Using Unity Package Manager (Recommended)

  1. Open your Unity project
  2. Open the Package Manager (Window > Package Manager)
  3. Click the "+" button in the top-left corner
  4. Select "Add package from git URL..."
  5. Enter the repository URL: https://github.com/arghyasur1991/LiveTalk-Unity.git
  6. Click "Add"

Manual Installation

  1. Clone this repository
  2. Copy the contents into your Unity project's Packages folder

Dependencies

This package requires the following Unity packages:

  • com.genesis.sparktts.unity

Setting up Package Dependencies

Some dependencies require additional scoped registry configuration. Add the following to your project's Packages/manifest.json file:

{
  "scopedRegistries": [
    {
      "name": "NPM",
      "url": "https://registry.npmjs.com",
      "scopes": [
        "com.github.asus4"
      ]
    }
  ],
  "dependencies": {
    "com.genesis.LiveTalk.unity": "https://github.com/arghyasur1991/LiveTalk-Unity.git",
    // ... other dependencies
  }
}

Note: The git URL https://github.com/arghyasur1991/LiveTalk-Unity.git will automatically fetch the latest version of the package.

Model Setup

LiveTalk Models

LiveTalk requires ONNX models from both LivePortrait and MuseTalk in the following location:

Assets/StreamingAssets/LiveTalk/
  └── models/
      ├── LivePortrait/
      │   ├── *.onnx
      └── MuseTalk/
          ├── *.onnx

SparkTTS Models

SparkTTS models are required for voice generation and should be placed in:

Assets/StreamingAssets/SparkTTS/
  ├── *.onnx
  └── LLM/
      ├── model.onnx
      ├── model.onnx_data
      ├── ...

Model Deployment Tool

LiveTalk includes a built-in Editor tool that automatically analyzes your codebase and copies only the required models from Assets/Models to StreamingAssets with the correct precision settings (FP16, FP32, etc.).

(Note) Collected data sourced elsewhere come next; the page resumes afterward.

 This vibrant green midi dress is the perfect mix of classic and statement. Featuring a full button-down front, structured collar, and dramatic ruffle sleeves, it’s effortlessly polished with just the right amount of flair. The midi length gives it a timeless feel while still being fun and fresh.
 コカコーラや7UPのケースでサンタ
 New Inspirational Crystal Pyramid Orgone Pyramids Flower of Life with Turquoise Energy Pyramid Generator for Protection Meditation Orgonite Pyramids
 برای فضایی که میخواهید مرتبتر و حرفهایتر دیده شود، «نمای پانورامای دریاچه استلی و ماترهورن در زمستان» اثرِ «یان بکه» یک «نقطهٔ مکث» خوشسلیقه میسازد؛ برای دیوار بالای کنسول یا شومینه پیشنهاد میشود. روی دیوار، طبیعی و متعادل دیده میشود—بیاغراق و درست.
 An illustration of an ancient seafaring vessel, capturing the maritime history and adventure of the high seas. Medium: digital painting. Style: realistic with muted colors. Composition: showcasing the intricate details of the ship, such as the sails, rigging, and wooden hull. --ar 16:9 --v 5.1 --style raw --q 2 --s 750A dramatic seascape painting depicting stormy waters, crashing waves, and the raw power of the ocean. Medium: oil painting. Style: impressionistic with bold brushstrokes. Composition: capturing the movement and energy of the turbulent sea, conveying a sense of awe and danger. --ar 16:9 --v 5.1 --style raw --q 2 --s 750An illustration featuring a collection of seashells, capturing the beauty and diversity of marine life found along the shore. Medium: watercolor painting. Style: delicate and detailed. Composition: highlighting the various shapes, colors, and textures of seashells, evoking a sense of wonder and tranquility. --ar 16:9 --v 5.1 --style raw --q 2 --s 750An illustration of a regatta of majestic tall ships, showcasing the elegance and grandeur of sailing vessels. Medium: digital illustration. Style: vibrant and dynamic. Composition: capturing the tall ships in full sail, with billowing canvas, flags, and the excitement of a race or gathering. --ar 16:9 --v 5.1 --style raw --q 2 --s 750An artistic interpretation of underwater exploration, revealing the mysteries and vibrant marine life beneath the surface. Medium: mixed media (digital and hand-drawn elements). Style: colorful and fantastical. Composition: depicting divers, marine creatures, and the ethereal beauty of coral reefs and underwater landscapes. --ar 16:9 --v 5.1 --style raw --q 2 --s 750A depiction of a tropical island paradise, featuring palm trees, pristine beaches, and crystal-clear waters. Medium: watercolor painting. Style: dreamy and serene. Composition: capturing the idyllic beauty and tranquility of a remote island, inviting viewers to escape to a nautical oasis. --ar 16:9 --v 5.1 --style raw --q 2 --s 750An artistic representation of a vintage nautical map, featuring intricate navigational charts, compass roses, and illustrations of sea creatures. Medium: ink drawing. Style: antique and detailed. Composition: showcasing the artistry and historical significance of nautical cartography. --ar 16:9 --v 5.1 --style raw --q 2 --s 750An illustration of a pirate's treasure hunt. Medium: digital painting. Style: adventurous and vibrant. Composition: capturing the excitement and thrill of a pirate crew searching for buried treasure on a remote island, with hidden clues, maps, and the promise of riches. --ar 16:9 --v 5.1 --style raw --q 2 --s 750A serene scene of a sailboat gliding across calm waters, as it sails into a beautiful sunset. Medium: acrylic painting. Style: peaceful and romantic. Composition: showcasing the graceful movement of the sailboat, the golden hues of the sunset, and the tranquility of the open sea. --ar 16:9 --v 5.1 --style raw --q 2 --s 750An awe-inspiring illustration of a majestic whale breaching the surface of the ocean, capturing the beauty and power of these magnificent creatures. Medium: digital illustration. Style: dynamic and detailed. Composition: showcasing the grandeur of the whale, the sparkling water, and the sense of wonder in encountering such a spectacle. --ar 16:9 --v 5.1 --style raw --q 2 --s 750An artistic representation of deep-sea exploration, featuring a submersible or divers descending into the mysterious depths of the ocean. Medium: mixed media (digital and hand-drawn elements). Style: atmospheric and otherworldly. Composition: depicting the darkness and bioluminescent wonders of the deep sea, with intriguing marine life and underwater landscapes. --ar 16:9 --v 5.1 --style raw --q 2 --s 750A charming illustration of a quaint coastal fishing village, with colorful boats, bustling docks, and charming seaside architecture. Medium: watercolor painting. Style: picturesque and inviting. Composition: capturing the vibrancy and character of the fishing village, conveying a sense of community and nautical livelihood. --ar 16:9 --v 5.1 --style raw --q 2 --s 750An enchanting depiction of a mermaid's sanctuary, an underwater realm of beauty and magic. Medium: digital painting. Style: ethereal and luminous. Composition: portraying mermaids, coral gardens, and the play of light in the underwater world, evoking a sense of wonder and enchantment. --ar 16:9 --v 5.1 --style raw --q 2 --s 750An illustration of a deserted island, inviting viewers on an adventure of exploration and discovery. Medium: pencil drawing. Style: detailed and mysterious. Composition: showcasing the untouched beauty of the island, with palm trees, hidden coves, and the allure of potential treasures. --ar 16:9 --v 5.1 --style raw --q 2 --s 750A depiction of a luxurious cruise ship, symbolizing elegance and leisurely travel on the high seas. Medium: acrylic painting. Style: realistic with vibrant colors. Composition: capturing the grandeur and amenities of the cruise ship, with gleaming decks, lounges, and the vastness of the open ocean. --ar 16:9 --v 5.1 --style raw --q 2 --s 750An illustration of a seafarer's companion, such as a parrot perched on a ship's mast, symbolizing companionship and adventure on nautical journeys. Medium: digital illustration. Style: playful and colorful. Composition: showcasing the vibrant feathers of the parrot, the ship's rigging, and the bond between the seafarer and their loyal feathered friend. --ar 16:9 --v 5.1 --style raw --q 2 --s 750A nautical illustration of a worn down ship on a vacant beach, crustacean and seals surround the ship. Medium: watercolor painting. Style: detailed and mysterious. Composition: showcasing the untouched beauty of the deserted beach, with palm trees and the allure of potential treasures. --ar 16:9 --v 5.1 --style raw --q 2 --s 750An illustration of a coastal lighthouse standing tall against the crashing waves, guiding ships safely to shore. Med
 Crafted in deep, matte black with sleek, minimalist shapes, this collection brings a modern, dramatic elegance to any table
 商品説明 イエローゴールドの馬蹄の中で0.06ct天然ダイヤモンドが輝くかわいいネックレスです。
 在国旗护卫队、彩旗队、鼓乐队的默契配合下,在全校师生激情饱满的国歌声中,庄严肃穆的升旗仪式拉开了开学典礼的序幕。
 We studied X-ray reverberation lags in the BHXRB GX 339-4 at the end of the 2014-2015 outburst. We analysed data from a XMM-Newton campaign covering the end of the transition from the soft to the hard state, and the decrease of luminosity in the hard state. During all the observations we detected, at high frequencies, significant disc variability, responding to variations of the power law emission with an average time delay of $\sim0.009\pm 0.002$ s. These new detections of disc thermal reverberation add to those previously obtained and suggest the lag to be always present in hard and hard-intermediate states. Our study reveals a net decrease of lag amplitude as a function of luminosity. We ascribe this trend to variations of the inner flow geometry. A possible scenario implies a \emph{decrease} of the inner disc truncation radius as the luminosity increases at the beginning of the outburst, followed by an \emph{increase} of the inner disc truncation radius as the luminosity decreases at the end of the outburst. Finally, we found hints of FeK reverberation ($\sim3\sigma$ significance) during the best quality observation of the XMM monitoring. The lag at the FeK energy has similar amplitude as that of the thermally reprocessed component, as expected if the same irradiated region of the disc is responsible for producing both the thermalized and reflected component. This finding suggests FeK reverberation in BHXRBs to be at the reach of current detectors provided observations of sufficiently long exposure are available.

Access the tool: Window > LiveTalk > Model Deployment Tool

Key Features

  • Precision-Aware: Copies only the required precision variants (FP16/FP32) based on code analysis
  • Size Optimization: Reduces build size by excluding unused models
  • Folder Structure Preservation: Maintains the correct directory structure in StreamingAssets
  • Backup Support: Creates backups of existing models before overwriting
  • Dry Run Mode: Preview changes without actually copying files

How to Use

  1. Open the tool: Go to Window > LiveTalk > Model Deployment Tool
  2. Configure paths:
    • Source: Assets/Models (automatically detected)
    • Destination: Assets/StreamingAssets/LiveTalk (automatically configured)
  3. Select components: Choose which model categories to deploy:
    • âś… SparkTTS Models (deployed via SparkTTS-Unity package)
    • âś… LivePortrait Models (deployed directly)
    • âś… MuseTalk Models (deployed directly)
  4. Review selection: The tool shows you exactly which LiveTalk models will be copied and their file sizes
  5. Deploy: Click "Deploy All Models" to copy both LiveTalk and SparkTTS models using their respective deployment systems

Model Precision Settings

The tool selects the used precision for each model based on the LiveTalk codebase:

Model Category Precision Execution Provider Notes
LivePortrait
warping_spade FP16 CoreML GPU-accelerated rendering
Other LivePortrait FP32 CoreML Full precision for facial features
MuseTalk
unet, vae_encoder, vae_decoder FP16 CoreML GPU-accelerated inference
whisper_encoder, positional_encoding FP32 CPU Audio processing precision
SparkTTS
Models deployed via SparkTTS-Unity package See SparkTTS documentation Various Handled by SparkTTS deployment tool

Advanced Options

  • Overwrite Existing: Replace existing models in StreamingAssets
  • Create Backup: Keep .backup copies of replaced files (includes .onnx.data files)
  • Dry Run: Preview operations without copying files

Large Model Handling

The tool automatically handles large models that use separate data files:

  • MuseTalk UNet: unet.onnx (710KB) + unet.onnx.data (3.2GB) - uses dot notation
  • SparkTTS LLM: Handled by SparkTTS-Unity deployment tool with model.onnx_data files

LiveTalk model and data files are copied together and included in size calculations and backup operations. SparkTTS models are handled by the SparkTTS-Unity package's own deployment system.

This tool ensures your Unity project includes only the models you actually need, significantly reducing build size while maintaining optimal performance.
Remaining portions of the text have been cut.